Let $C$ be the category of finitely generated abelian groups. If $M$ is a finitely generated abelian group, then define its dual as $M^* = \operatorname{Hom}(M,\mathbb{Q}/\mathbb{Z})$.
Now I want to show that $M$ and $M^{**}$ are canonically isomorphic.
I know that we need to use the structure theorem of abelian groups, but don't get how to use it to show isomorphisam.
The statement should be about finite abelian groups as Jeremy Rickard remarks.
The structure theorem tells you that $M$ is a direct sum of finite cyclic groups. Thus you are reduced to prove the statement for a finite cyclic group.
Can you prove it for $M=\mathbb{Z}/n\mathbb{Z}$?
In the previous part it is taken for granted the existence of a canonical homomorphism $M\to M^{**}$, which exists in a much more general context. If $A$ is any commutative ring and $K$ is a fixed $A$-module, we can define $M^*=\operatorname{Hom}_A(M,K)$ and a canonical homomorphism $M\to M^{**}$ is easy to define like for vector spaces. The task here is to prove that
the homomorphism is injective when $A=\mathbb{Z}$ and $K=\mathbb{Q}/\mathbb{Z}$;
the homomorphism is surjective when $M$ is a finite abelian group.
Note that 1 holds for any abelian group (because $\mathbb{Q}/\mathbb{Z}$ is a cogenerator. Instead 2 doesn't hold generally, but it does for finitely generated modules using, as hinted, the structure theorem.
Saying that $M$ and $M^{**}$ are \emph{canonically} isomorphic means that the ismorphism $\phi :M\rightarrow M^{**}$ is constructed in a natural way, without any choice of basis or an identification of $M$ with a product of cyclic groups.
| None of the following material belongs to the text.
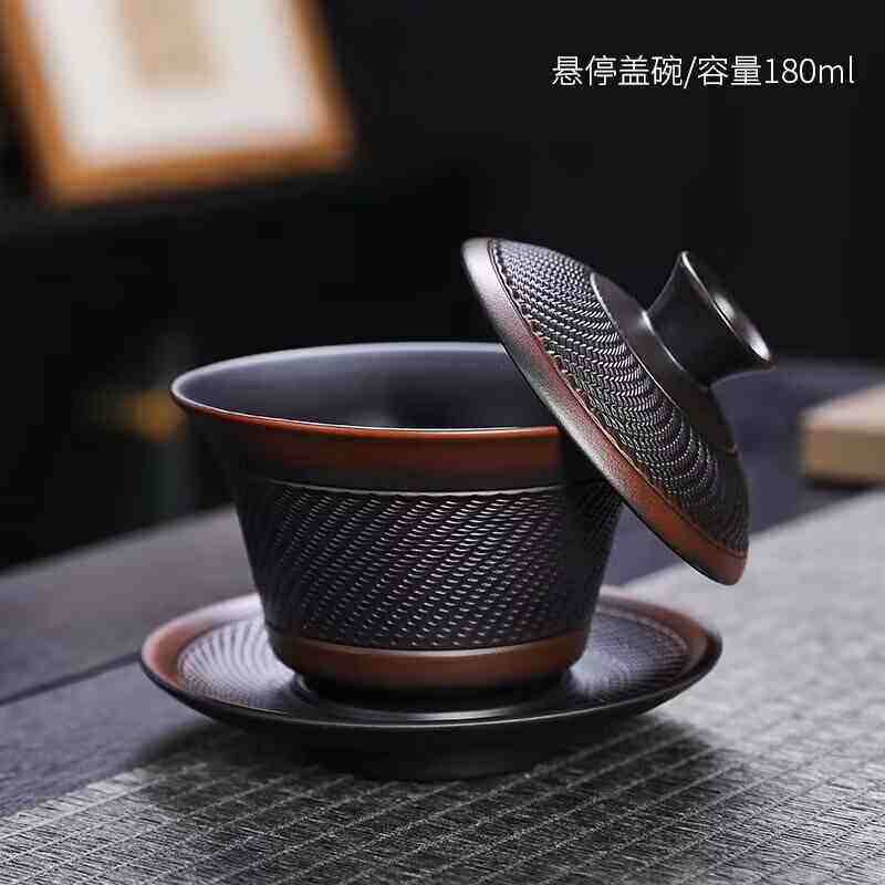 紫陶悬停跳刀三才盖碗手工茶杯家用办公功夫茶具泡茶碗盖碗大容量

Then the structure theorem can be used to prove that $\phi$ is an isomorphism, but the construction should not rely on the presenting $M$ as a product of cyclic groups.
The isomorphism $\phi :M\rightarrow M^{**}$ is as follows. $\phi(g) : M^* \rightarrow \mathbb{Q}/\mathbb{Z}$ sends $\eta \in M^*$ to \begin{equation} \phi(g)\eta=\eta(g) \end{equation} To prove that $\phi$ is an isomorphism you first use the structure theorem, thus you present $M$ as a product of cyclic groups, and you know that $\mathbb{Z}_N^*\cong \mathbb{Z}_N$ (you just send $x\in \mathbb{Z}_N$ to $\chi_x\in \mathbb{Z}_N^*$ given by $\chi_x(y)=\frac{xy}{N}$). Thus it is enough to prove that $\phi$ is injective. Suppose $\phi(g)=1$. This means that for any $\eta \in M^*$ $$ \eta(g)=1 $$ which implies $g=1$. Indeed $g\neq 1$, then let $n>1$ be the order of $g$, and we have $$ \left\{g^k \ | \ k=0,...,n-1\right\} \cong \mathbb{Z}_n $$ and with the same map used above to show that $\mathbb{Z}_N^*\cong \mathbb{Z}_N$ we see that there are elements $\eta \in M^*$ acting non-trivially on $g$, contradicting $\phi(g)=1$.